The experiments asked people to administer electric shocks to a person sitting in an adjacent room. Subjects were told, falsely, that the purpose of the experiments was to test the effects of punishment on memory. Unbeknownst to the subject, the victim of the electric shocks was a confederate and the apparent shocks were not real. They were actually delivered by a simulated shock generator, offering thirty clearly delineated voltage levels, ranging from 15 to 450 volts, accompanied by verbal descriptions ranging from "Slight Shock" to "Danger: Severe Shock." As the experiment unfolded, the subject was asked to administer increasingly severe shocks for incorrect answers, up to and past the "Danger: Severe Shock" level, which began at 400 volts.

In Milgram's original experiments, the subjects included forty men between the ages of 20 and 50. They came from a range of occupations, including engineers, high school teachers, and postal clerks. They were paid $4.50 for their participation-and were also told that they could keep the money no matter how the experiment went. The "memory test" involved remembering word pairs; every mistake by the confederate/victim was to be met by an electric shock and a movement to one higher level on the shock generator To ensure that everything seemed authentic, at the beginning of the experiment the subject was given an actual sample shock at the lowest level. But the subject was also assured that the shocks were not dangerous, with the experimenter declaring, in response to a prearranged question from the confederate, "Although the shocks can be extremely painful, they cause no permanent tissue damage. "59

In the original experiments, the victim did not make any protest until the 300-volt shock, which produced a loud kick, by the victim, on the wall of the room where he was bound to the electric chair. After that point, the victim did not answer further questions and was heard from only after the 315-volt shock, when he pounded on the wall again; he was not heard from thereafter, even with increases in shocks to and past the 400-volt level. If the subject indicated an unwillingness to continue, the experimenter offered prods of increasing firmness, from "Please go on" to "You have no other choice; you must go on." 60 But the experimenter had no power to impose sanctions on subjects.

What do you think subjects would do, when placed in this experiment? Most people predict that over 95 percent of subjects would refuse to proceed to the end of the series of shocks. When people are asked to make predictions about what subjects would do, the expected break-off point is "Very Strong Shock" of 195 volts. But in Milgram's experiment, every one of the forty subjects went beyond 300 volts. The mean maximum shock level was 405 volts. A strong majority-26 of 40, or 65 percent-went to the full 450 volt shock, two steps beyond "Danger: Severe Shock."

Later variations on the original experiments produced even more remarkable results. In those experiments, the victim expressed a growing level of pain and distress as the voltage increased. Small grunts were heard from 75 volts to 105 volts, and at 120 volts the subject shouted to the experimenter that the shocks were starting to become painful. At 150 volts the victim cried out, "Experimenter, get me out of here! I won't be in the experiment anymore! I refuse to go on! 1164 At 180 volts, the victim said, "I can't stand the pain." At 270 volts he responded with an agonized scream. At 300 volts he shouted that he would no longer answer the questions. At 315 volts he screamed violently. At 330 volts and more he was not heard.

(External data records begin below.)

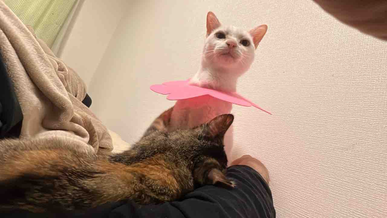 いったいこれはどういうことなんだねという顔でこっちにアピールする麿白先生。
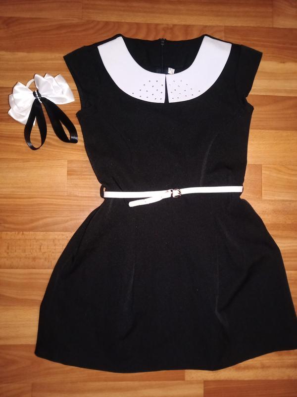 Чудова сукня для маленької школярки. Состояние новой, одевалась 2 раза. Воротник красиво украшен, сзади застегивается на молнию. Рост указан 128 но маломер, где-то на 116-122. Длина 60, ширина по талии 30 см. Без ремешка!
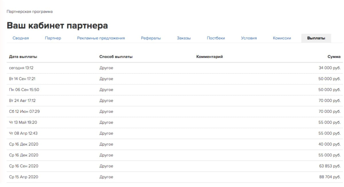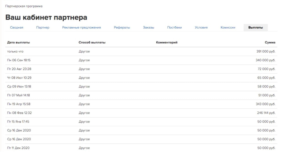 Выплата комиссионных производится только после накопления 30 тыс. руб. Суммами, кратными 30 тыс. руб.
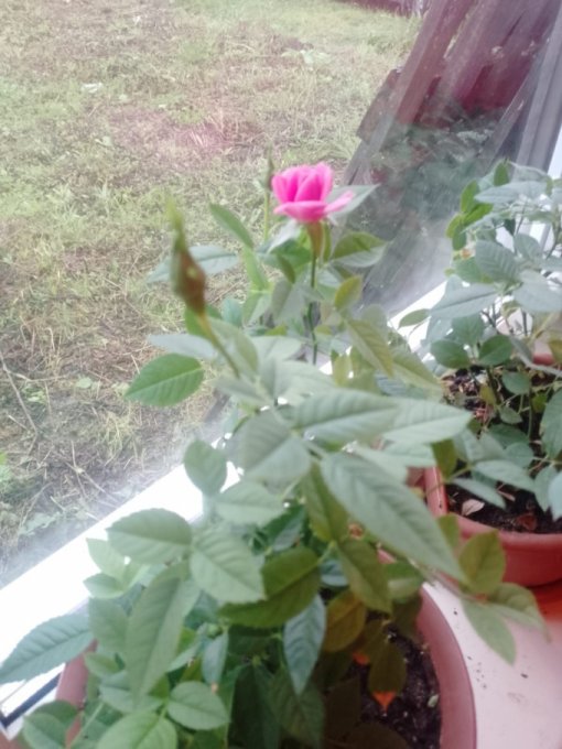 И еще у меня есть одна прекрасная новость, наконец то зацвела моя розочка))) Я ее несколько недель назад спасла так сказать))) Мы по дороге на работу постоянно заезжаем в один и тот же круглосуточный магазин «Магнит» и вот  там на подоконнике  стоит куча цветок разных, состояние у них конечно, стой и плачь ну, а что ожидать, за ними там явно не смотрят, не поливают(((  и вот в кучи этой цветок, я разглядела горшочек с розой, состояние у нее было печальное, листья пожелтели, часть осыпалась, половина стеблей просто засохли, бутоны все завяли, короче жалко((( я смотрела на нее честно несколько дней, ценник был довольно таки непривлекательный 499,99 рублей, за что???  через пару дней цена стала 299,99, мда ужжжжж, еще через пару дней ценник вообще куда то делся… я подошла к продавцам и спросила
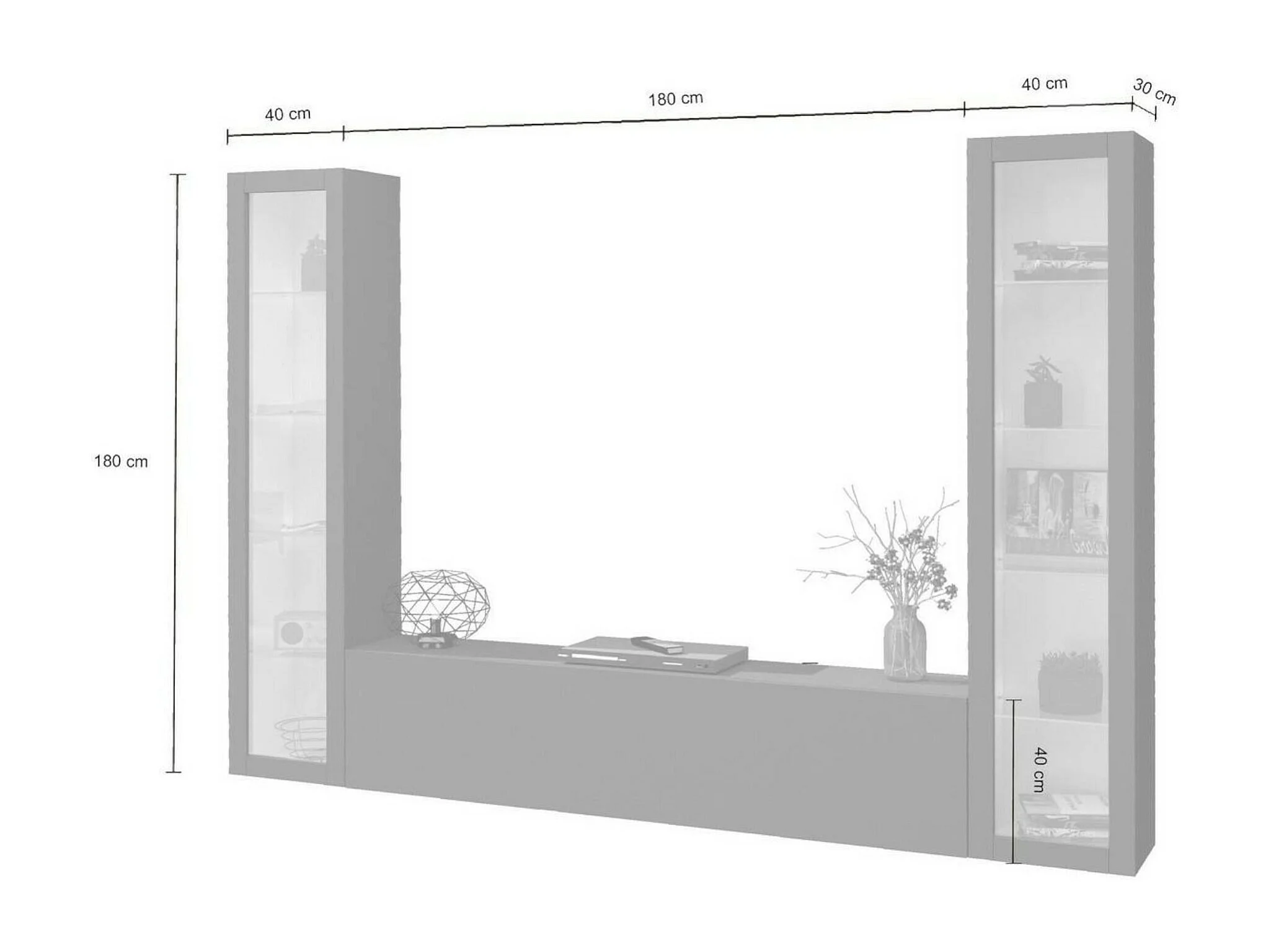 Dmora Wandmeubel Gino 30x260x180h cm Zwart Antraciet 9 Planken, Draaideur en Klapdeur, 3 Deuren Made in Italy

In this version of the experiment, there was no significant change in Milgram's results: 25 of 40 participants went to the maximum level, and the mean maximum level was over 360 volts. In a somewhat gruesome variation, the victim said, before the experiment began, that he had a heart condition, and his pleas to discontinue the experiment included repeated reference to the fact his heart was "bothering" him as the shocks continued. This too did not lead subjects to behave differently. Notably, women did not behave differently from men in these experiments; they showed the same basic patterns of responses.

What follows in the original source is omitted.